§ Supplied records:

********************

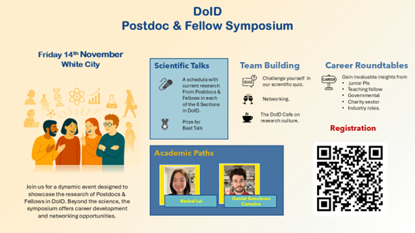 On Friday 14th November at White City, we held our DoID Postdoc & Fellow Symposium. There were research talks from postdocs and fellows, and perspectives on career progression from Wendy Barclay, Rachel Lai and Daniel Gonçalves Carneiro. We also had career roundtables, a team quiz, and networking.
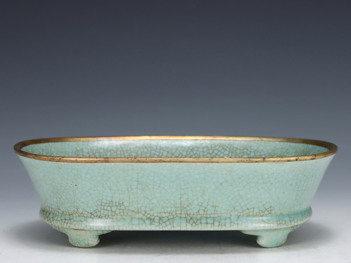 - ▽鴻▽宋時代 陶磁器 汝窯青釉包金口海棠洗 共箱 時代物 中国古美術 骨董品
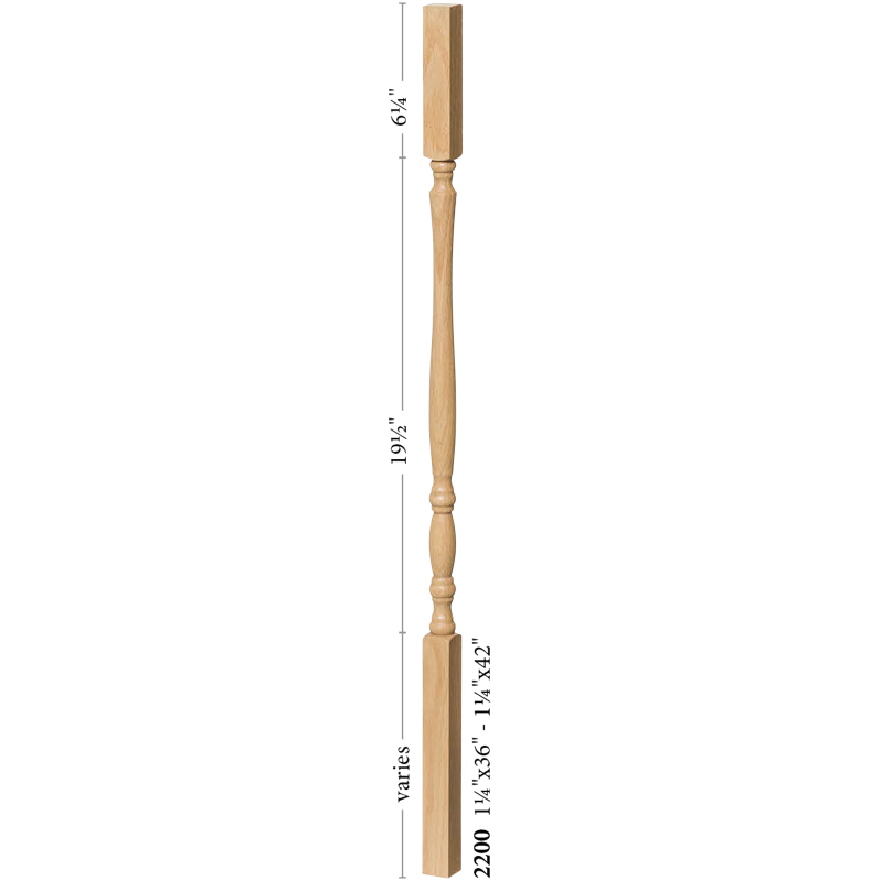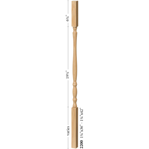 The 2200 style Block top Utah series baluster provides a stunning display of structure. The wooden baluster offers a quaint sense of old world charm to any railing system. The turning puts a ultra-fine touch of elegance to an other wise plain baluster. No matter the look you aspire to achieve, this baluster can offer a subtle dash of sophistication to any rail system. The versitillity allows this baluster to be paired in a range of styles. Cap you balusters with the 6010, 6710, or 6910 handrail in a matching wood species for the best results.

********************

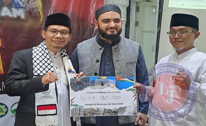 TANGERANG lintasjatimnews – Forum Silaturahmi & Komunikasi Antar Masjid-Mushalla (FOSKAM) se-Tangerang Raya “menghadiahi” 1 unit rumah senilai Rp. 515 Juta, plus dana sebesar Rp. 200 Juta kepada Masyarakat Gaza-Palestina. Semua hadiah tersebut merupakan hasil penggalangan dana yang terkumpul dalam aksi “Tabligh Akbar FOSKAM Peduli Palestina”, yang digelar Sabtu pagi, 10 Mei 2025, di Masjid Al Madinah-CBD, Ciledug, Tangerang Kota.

********************

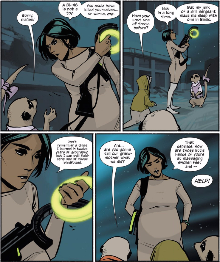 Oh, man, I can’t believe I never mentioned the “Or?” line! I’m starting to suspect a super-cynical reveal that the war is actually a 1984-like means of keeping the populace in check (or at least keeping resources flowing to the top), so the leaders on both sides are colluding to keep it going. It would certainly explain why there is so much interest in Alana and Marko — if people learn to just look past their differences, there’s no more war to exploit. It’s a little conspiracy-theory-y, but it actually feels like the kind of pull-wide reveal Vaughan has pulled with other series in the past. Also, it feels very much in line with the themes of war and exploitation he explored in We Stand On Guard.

********************

§ Task: Using the data above, return the lines from the one holding "On Friday 14th" through the one holding "- ▽鴻▽宋時代 陶磁器 汝窯青釉包金口海棠洗 共箱 時代物 中国古美術 骨董品" exactly, but not the pictures.

§ Result:
 On Friday 14th November at White City, we held our DoID Postdoc & Fellow Symposium. There were research talks from postdocs and fellows, and perspectives on career progression from Wendy Barclay, Rachel Lai and Daniel Gonçalves Carneiro. We also had career roundtables, a team quiz, and networking.
 - ▽鴻▽宋時代 陶磁器 汝窯青釉包金口海棠洗 共箱 時代物 中国古美術 骨董品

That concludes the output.